Jim McDonald, Dundas

According to the recently delivered federal Liberal flyer — apparently written by, and certainly featuring, dreamy-eyed Justin Trudeau — all of his policies will deal exclusively with Downton Abbey…I mean Parliament Hill. 

Everything and every politician on the Hill will become as pure and transparent as the driven snow if Mr. Trudeau makes it to the PM’s chair. By concentrating exclusively on elected politicians to keep them from straying, Mr. Trudeau has decided to let ordinary Canadians (the so-called middle class as he refers to us) make the policies.

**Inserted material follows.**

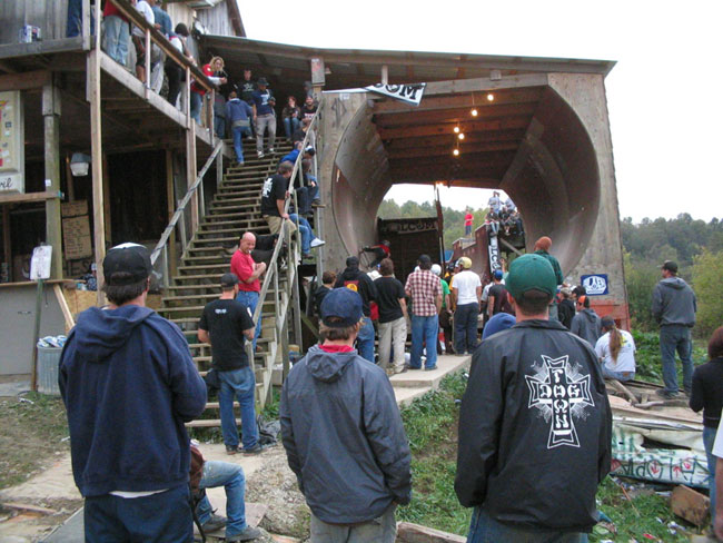 The crowd took this time to grab beers, smoke phattys, eat some food and make their way down the hill to the big barn. After a pretty entertaining commentary by Brewce on the "State of Skate Manliness" the

Bottom-up policy-making, he claims, is superior to the top-down variety. 

(Let’s hear it for a huge middle-class, across the board raise!) 

To be sure, he will have his hands full keeping the people’s reps in order. 

And since Mr. Trudeau claims that the middle class has not had a raise in 30 years, he wants to change that through hope and hard work (his words, not mine). 

Here’s hoping that my hard work over the past three decades has paid off. If Mr. Trudeau becomes prime minister in 2015, there should  be one huge whopper of a raise for all us middle class hard workers, and just maybe a “chicken for every pot.” If Mr. Trudeau’s calculations on middle class income figures are correct, that’s the least we can expect after 30 years of treading water, without seeing our incomes rise by even a single dime.